On Mon, Jan 23, 2017 at 09:14:04AM -0800, Dan Williams wrote:
> The use case that we have now is distinguishing volatile vs persistent
> memory (brd vs pmem).

brd is a development tool, so until we have other reasons for this
abstraction (which I'm pretty sure will show up rather sooner than later)
I would not worry about it too much.

> I took a look at mtd layering approach and the main difference is that
> layers above the block layer do not appear to know anything about mtd
> specifics.

Or the block layer itself for that matter.  And that's exactly where
I want DAX to be in the future.

> For fs/dax.c we currently need some path to retrieve a dax
> anchor object through the block device.
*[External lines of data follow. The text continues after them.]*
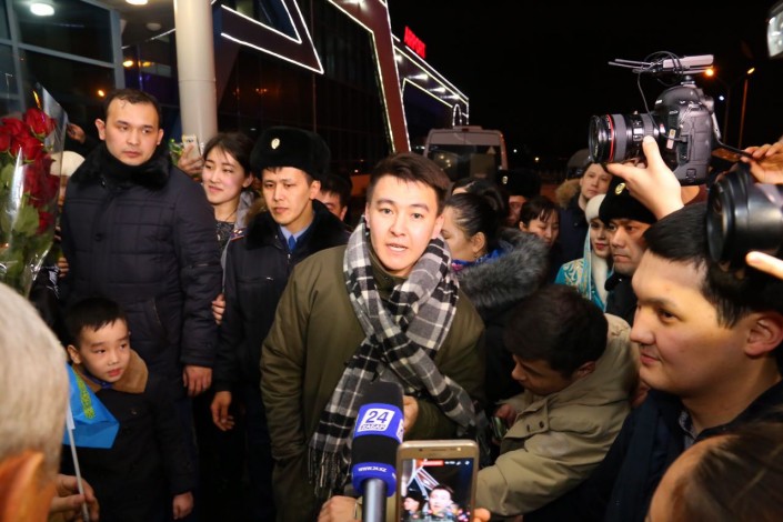 Вечером в субботу, 25 февраля, казахстанский певец Димаш Кудабейрген прилетел на свою родину - в Актобе. В аэропорту его встречали толпы фанатов, а также аким Актюбинской области Бердибек Сапарбаев и другие чиновники. Видео с места событий появилось на страницах aktobe_zello и zello.aktobe в Instagram.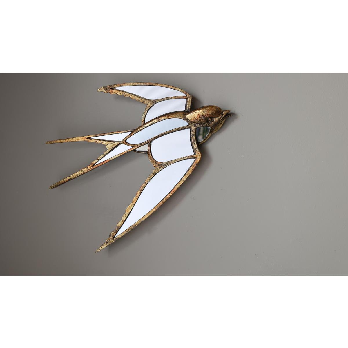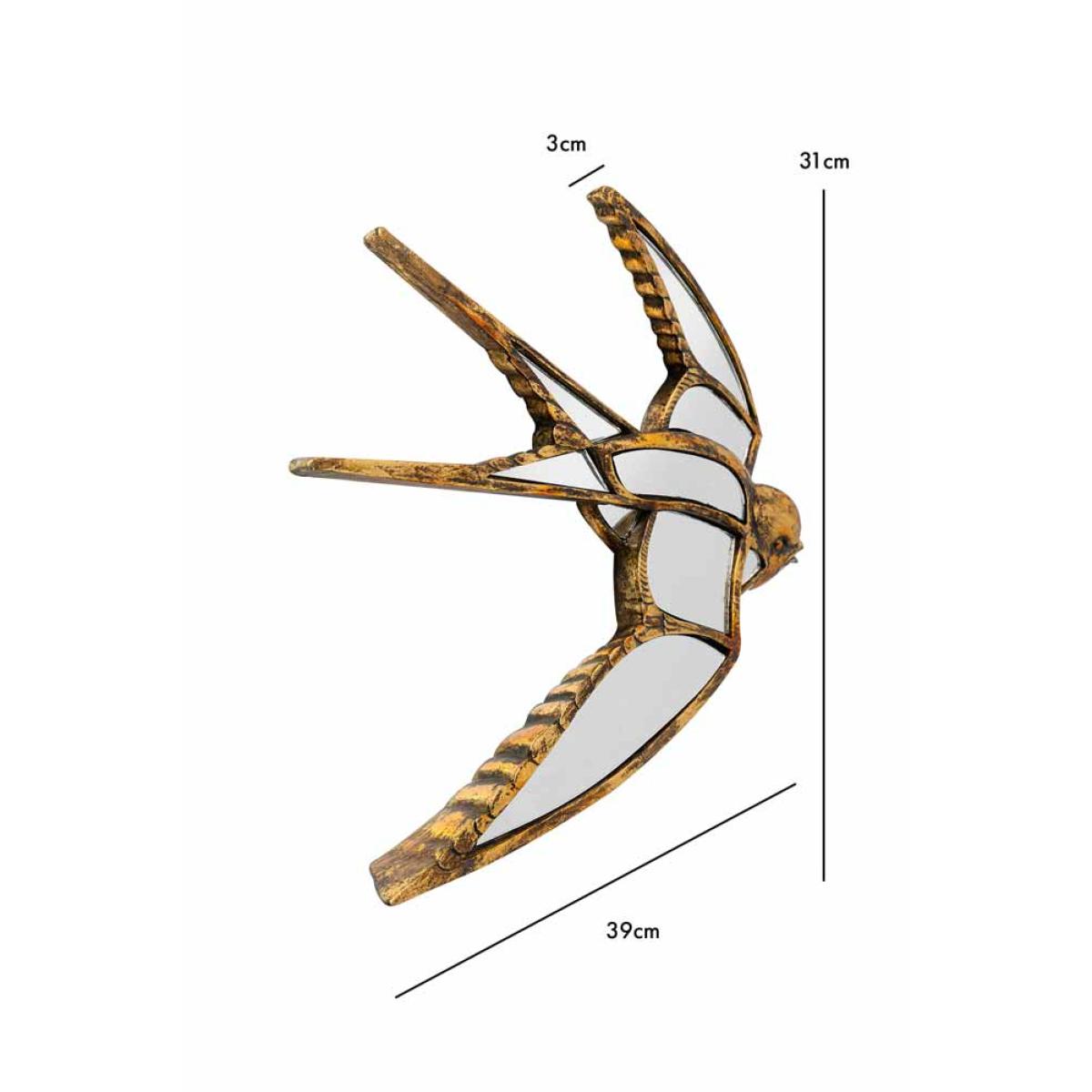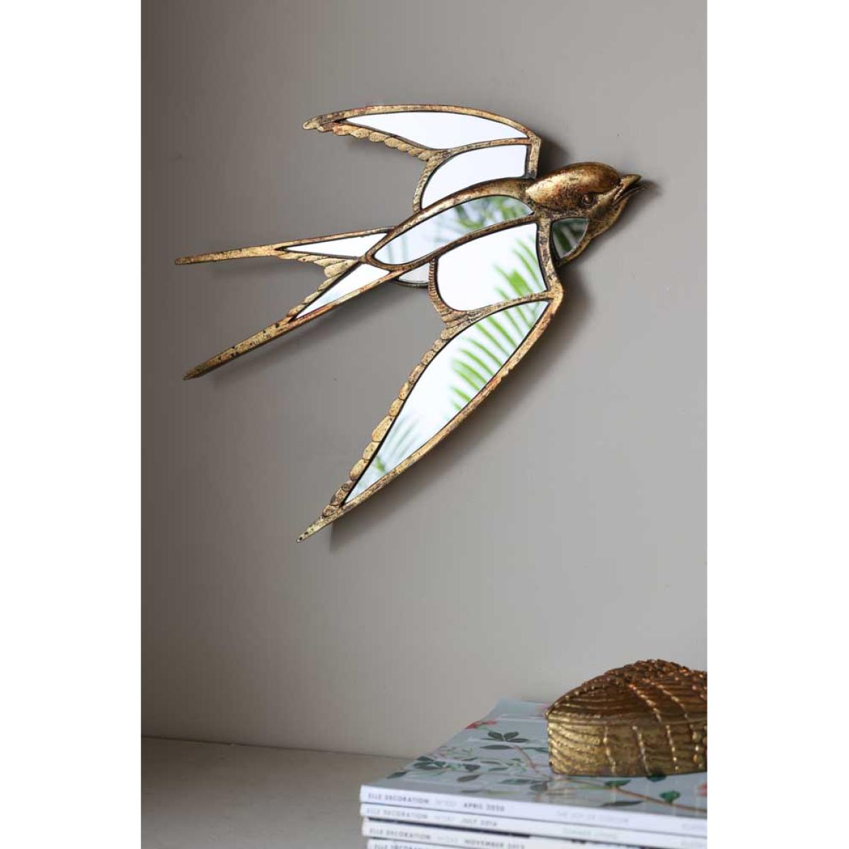 About The Brass & Mirror Swallow Wall Decoration A fabulous piece of wall art, the Brass & Mirror Swallow Wall Decoration promises to make an elegant statement on your walls. Made from polyresin with an antique brass finish, the swallow features beautiful attention to detail and is designed with mirrored panels that will catch the light. Measuring H331cm x W39cm x D3cm, this piece features fixings on the back to hang on a wall. Why We Think You’ll Love The Gold Metal Wall Art Swallow Introducing intrigue to your walls, this is unique wall art design is a great alternative to art prints when it comes to celebrating nature in your home. Designed in the shape of a swallow, the scalloped wing details and aged brass finish give this piece a vintage feel that will blend right in amongst the rest of your treasures. Plus, the mirrored panels will reflect light back into the room and create a feeling of space in even the smallest of spaces. How To Style The Brass & Mirror Swallow Wall Art The Brass & Mirror Swallow Wall Decoration looks stunning styled solo on the wall; however, we love the idea of adding this design to a wider display. So, why not try hanging this amongst a few favourite prints and pieces from your art collection for a unique take on the classic gallery wall. Or, introduce the gold metal wall art design amongst vintage style mirrors, large or small to create a gorgeous wall of glass.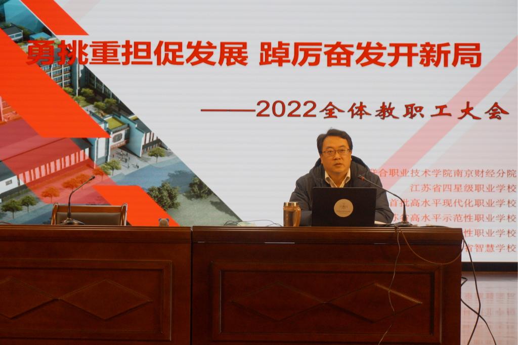 2021年是党的百年华诞,是学校“十四五”事业开端之年,在市教育局等上级部门的正确领导下和全校教职工的不懈努力下,学校以改革创新为动力,团结一心、攻坚克难,在扎实做好新冠疫情防控基础上,推动学校各方面事业不断取得新的突破,为党的百年华诞献礼。学校获得南京市学校安全工作优秀单位、南京市践行社会主义核心价值观示范学校、江苏省中小学校“一校一品”党建文化品牌项目、脱贫攻坚工作嘉奖集体、南京市思政育人特色学校、南京市教育新闻宣传工作先进集体、全国禁毒知识竞赛先进集体等荣誉称号,育人成绩斐然。姚校长从管理机制日益完善、安全综治保障有力,教学质量稳步提升、课程思政不断创新,育人体系特色突显、德育工作扎实高效,学生能力全面发展、招生就业规范有序,教师队伍德技并修、科研引领成果丰硕,校企合作快速拓展、产教融合日渐深入,主动发挥自身优势,社会服务精准有力等七个方面对2021年各项工作进行了全面的总结梳理。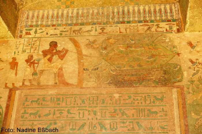 Auch nach mehr als 3000 Jahren erstrahlen die Wandmalereien in den Gräbern der ägyptischen Oberschicht noch in ihrer alten Farbigkeit. Ganz im Gegensatz zu den Darstellungen in den weitaus bekannteren Gräbern im Tal der Könige zeigen diese jedoch nicht nur Szenen aus dem Jenseits, sondern v.a. auch aus dem Diesseits. Sie bilden das rege Treiben…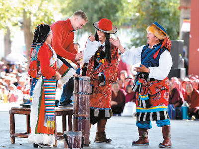 正在西藏自治区日喀则扎什伦布寺游览的外国游客被邀请参加小品表演。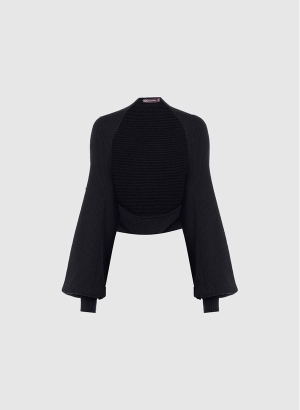O Casaco é confeccionado em tricot canelado, possui efeito shape amplo, mangas longas levemente bufantes e não possui fechamento.

We have a need to retreiver the anchor object.  We currently do it
though the block layer for historical reasons, but it doesn't have
to be that way.

> > In the longer run I like your dax_operations, but they need to be
> > separate from the block layer.
> 
> I'll move them from block_device_operations to dax data hanging off of
> the bdev_inode, or is there a better way to go from bdev-to-dax?

I don't think that's any better.  What we really want is a way
to find the underlying persistent memory / DAX / whatever we call
it node without going through a block device.  E.g. a library function
to give that object for a given path name, where the path name could
be either that of the /dev/pmemN or the /dev/daxN device.

If the file system for now still needs a block device as well it
will only accept the /dev/pmemN name, and open both the low-level
pmem device and the block device.  Once that file system doesn't
need block code (and I think we could do that easily for XFS,
nevermind any new FS) it won't have to deal with the block
device at all.

pmem.c then becomes a consumer of the dax_ops just like the file system.